Picture this: you are brought to an unknown place where you are immediately separated from the rest of your family and stripped off your clothing and every possession. Your head is shaved and a tattoo is engraved on your skin for identification.

What I have just described is the torture experienced during the Holocaust.

It is nearly impossible for us to fathom what it was like to be a “minority” during World War II. The majority of the U.S. is Caucasian and has rarely experienced any form of segregation. In order to learn a little more about this, I attended a lecture on the Holocaust given by Mary Boys, the Skinner and McAlpin professor practical theology at Union Theological Seminary in New York.

During the talk, she referenced to an exhibit at the Holocaust Museum in Washington D.C. The display showed 43,325 pairs of concentration camp prisoners’ shoes and some seven tons of hair collected by the Nazis for their own use. This statement really struck me. I have never even seen that many pairs of shoes or pieces of hair in my life. It is quite depressing to think that a single pair of shoes could determine a prisoner’s lifespan. Everything that was familiar to the prisoners “was put into Hell.” Try to imagine all of your possessions and money taken from you, forever.
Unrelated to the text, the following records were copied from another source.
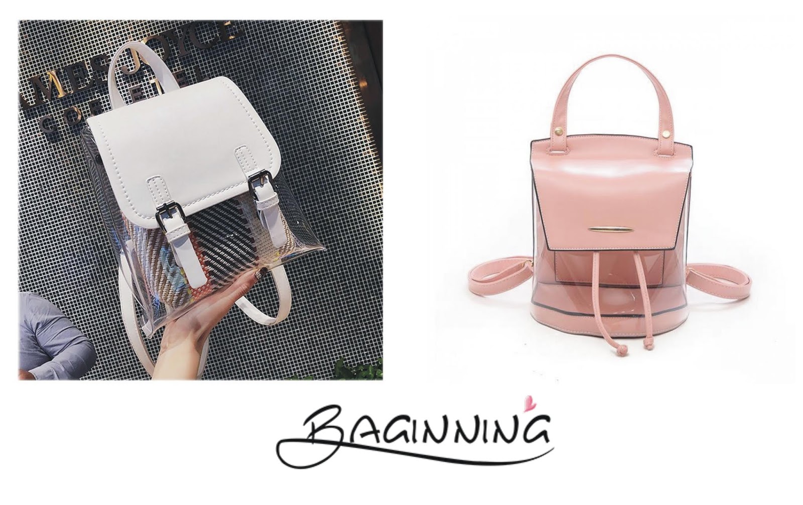 I choose some propositions of clear backpack from Baginning and it's a classic black and white lements and of course there is also a transparent backpack with pink elements.
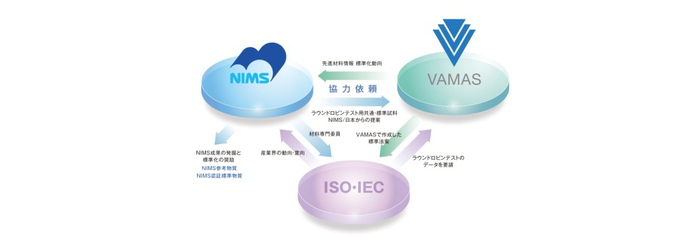 NIMSは先進材料研究の中核機関として、VAMAS Japanを取りまとめています。VAMAS Japanは、VAMASとの連携により諸外国との国際交流を図り、国内外の研究機関との研究成果をもとに、日本主導の規格の提案や国際標準化を目指し、活動を続けています。
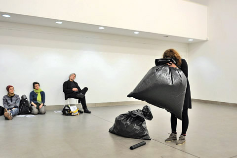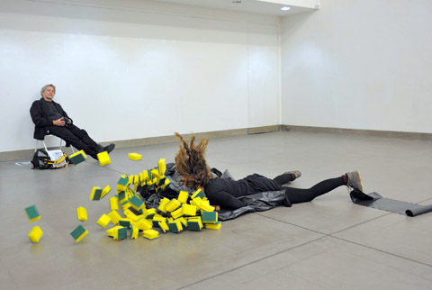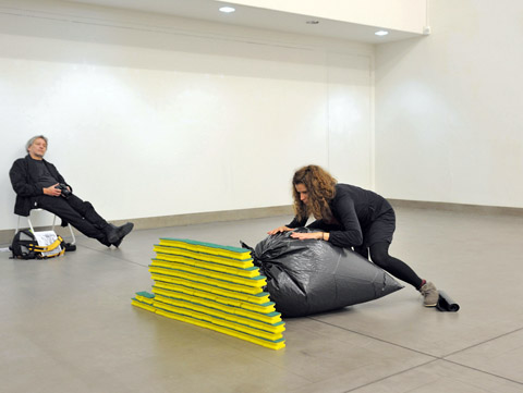 Künstlerforum BonnPerformance at a PAErsche-evening. Blowing up a black garbage bag. Building up a wall with 200 sponges. Blowing away the wall.
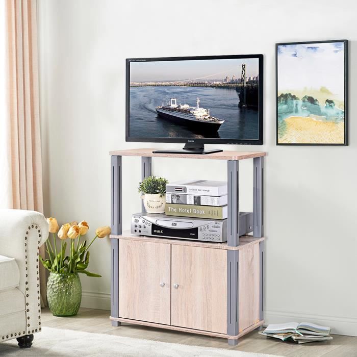 Costway Meuble Tv Armoire De Television En Bois Etagere A 3
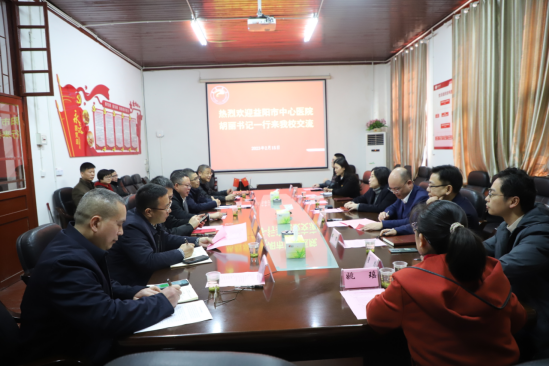 (通讯员 杨杉 王思源)2月15日,益阳市中心医院党委书记胡丽、副院长刘文广、办公室主任刘益民等一行来yl6809永利集团考察交流。yl6809永利集团党委委员、副校长周华忠、发展规划与学科建设处处长吴晓、研究生院院长蒋辉、教务处副处长罗家顺、yl6809永利YL集团党委书记向志钢、院长向明钧、副院长李中正、黄大元、李金秀等同志在大田湾校区yl6809永利YL集团会议室与来宾进行了座谈交流。会议由向志钢主持。
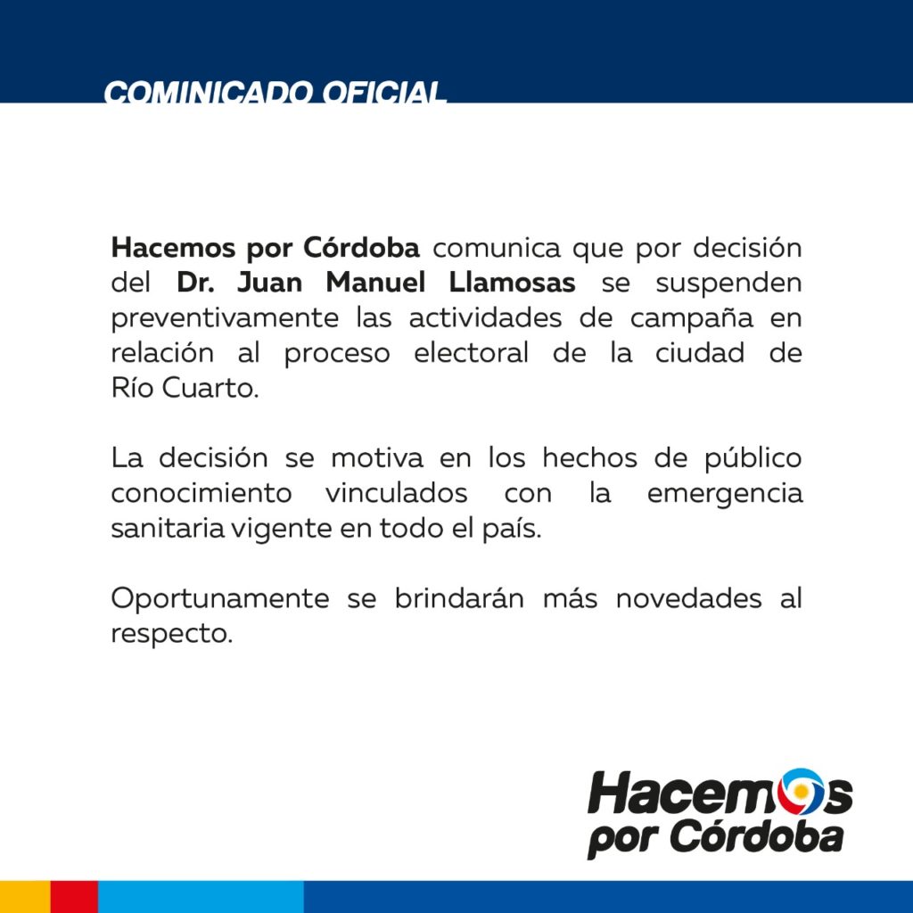 Locales Noticias Hacemos Por Cordoba suspende Actividades de Campaña 12 de marzo de 2020 La desicion fue tomada por Juan Manuel Llamosas
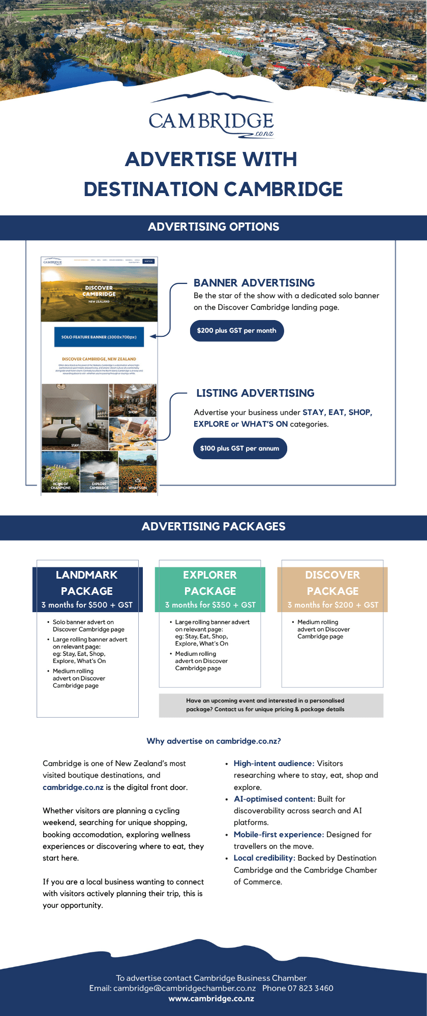 cambridge@cambridgechamber.co.nz or phone 07 823 3460
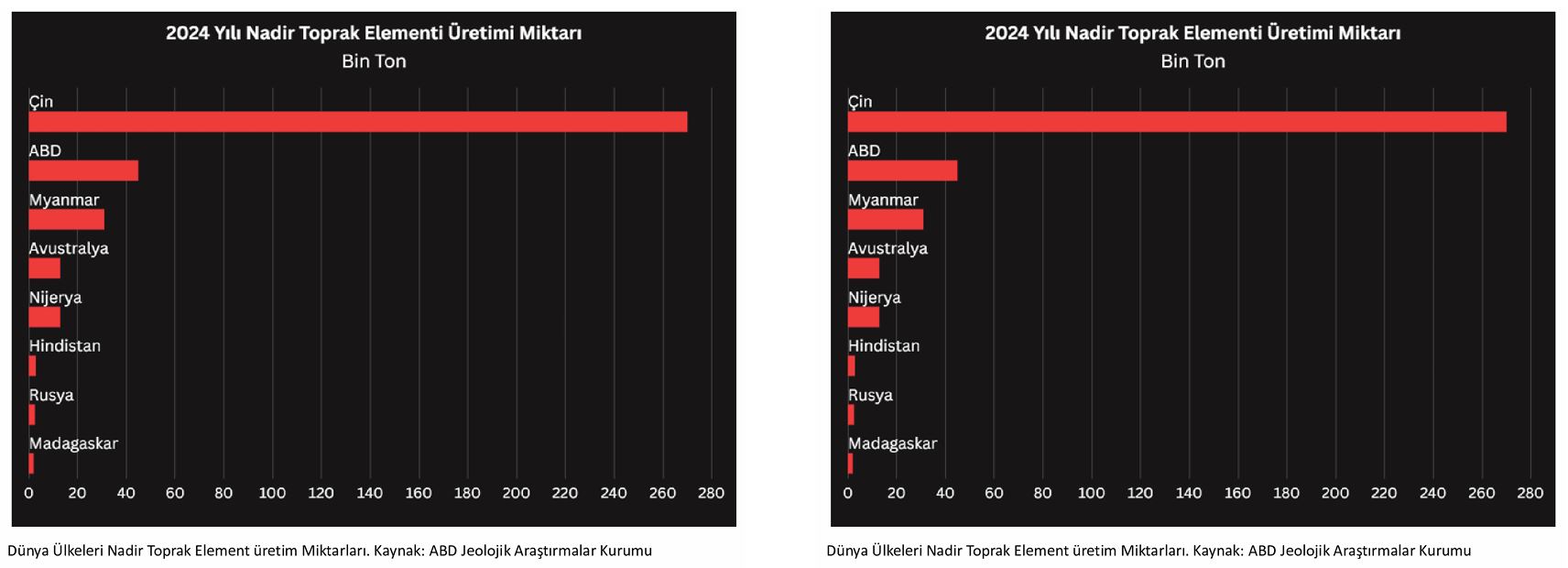 Sadece bu elementler değil, elektrikli araçların motorlarında özellikle kullanılan nadir toprak elementleri için de şimdilik görünmez bir ticari savaş başlamıştır. Nadir toprak elementleri, elektrikli araçların elektrik motorlarında neodimyum-demir-boron (NdFeB) mıknatısları olarak kullanılmaktadır. Bu mıknatıslar, elektrikli araçların verimliliğini ve menzilini artırmak, daha hafif ve güçlü motorlar üretmek açısından büyük önem taşımaktadır. Ayrıca yüksek sıcaklıklarda manyetizmanın korunması, dayanıklılığın artırılması, daha yüksek manyetik alan oluşturulması ve motor performansının yükseltilmesi için praseodimyum, terbiyum ve disprosyum gibi nadir toprak elementlerine ihtiyaç vardır.
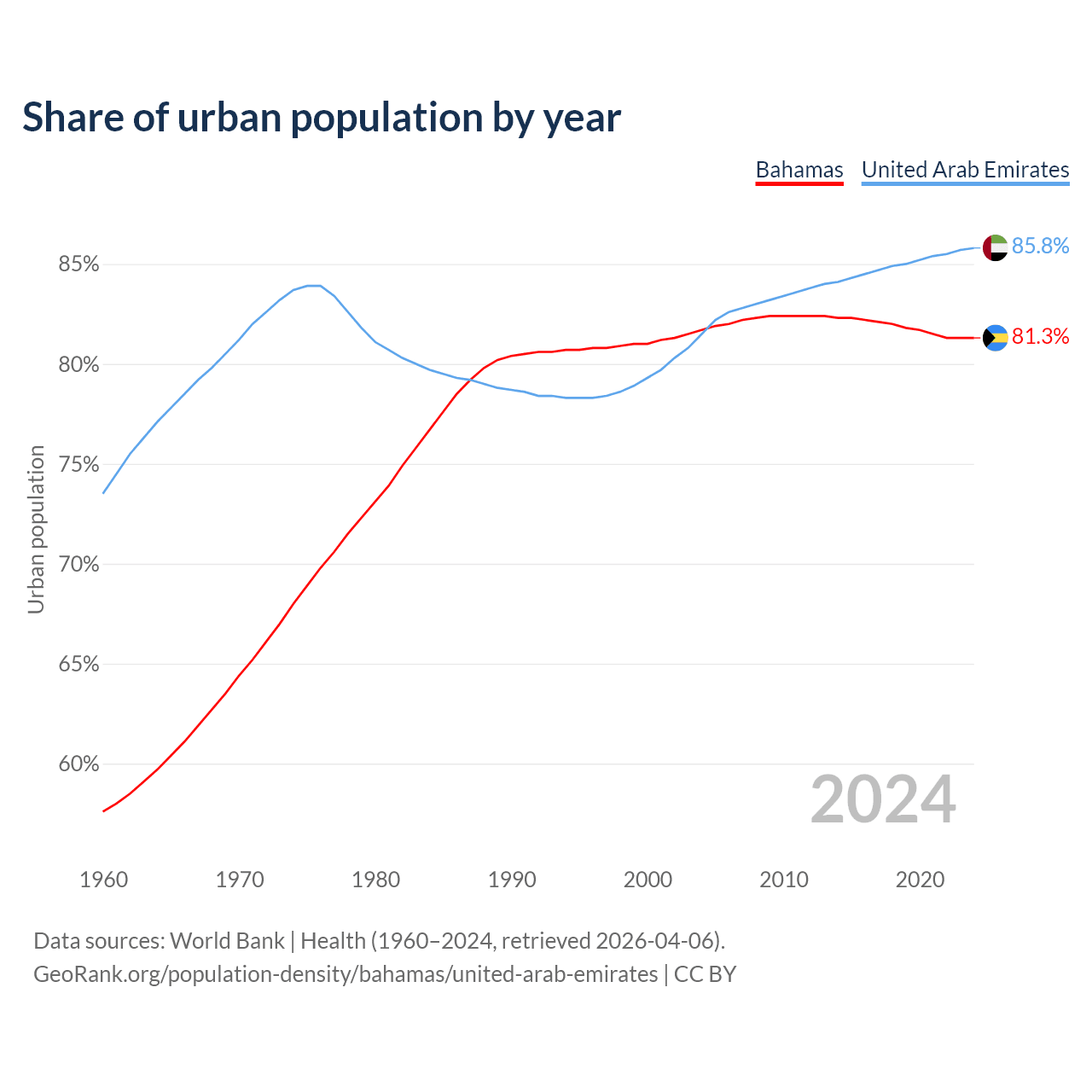 From 2004 to 2024, the share of urban population changed from 81.7% to 81.3% in the Bahamas and from 81.5% to 85.8% in the United Arab Emirates.
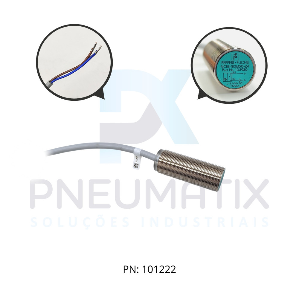 SENSOR IND.CIL.DIAM.18MM Sn:8MM FAC.ALIM.3,5-30VDC 2 FIOS NA CABO 2MTS NCB8-18GM50-Z4 PN:105930 PEPPERL
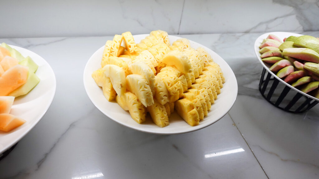 フルーツ盛り合わせ、クッキー、ナッツ、ドライフルーツ類(これらは常時提供されています)
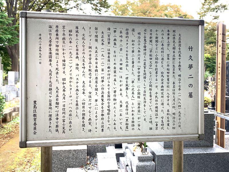 ここには「大正浪漫を代表する画家」として、豊島区教育委員会による説明板がありました。

I have personally been to the Holocaust museum in Washington D.C. twice in the past five years. It is one of the most interesting museums I have ever been to and really gave me a better insight into what life was like for the prisoners. If ever given the chance, I would highly recommend attending this museum. It is definitely worthwhile.

In order to help the audience picture themselves as someone living during the time of the war, Boys described a form of propaganda during the period. She depicted a children’s book read to students in schools. The book shows Jews as the “bad guys,” even going as far as to say that they were responsible for the death of Jesus. The children were even told to remember this every time they saw the Christian cross. One line in which she read from the actual story stated, “The Jews are children of the devil, and human murderers.”

I was deeply disturbed as she read that. I can’t believe that an author would go as far as to brainwash innocent children into thinking that a different race should be thought of as descendants of “the devil.” Think of having to live by what the propaganda said was and wrong right to believe. The people had their lives centered on the belief in a false “ideal” race.

I ask that the students, faculty, staff, and community of Creighton University stop and think about this major period in American history. Try to place yourself in the shoes of these prisoners and imagine for a second how different your life would be in you were considered a “minority”. I would like to conclude with a quote from Boys, “We can never really grasp what it was like to experience the Holocaust and its effects. We will never really know or understandβ€””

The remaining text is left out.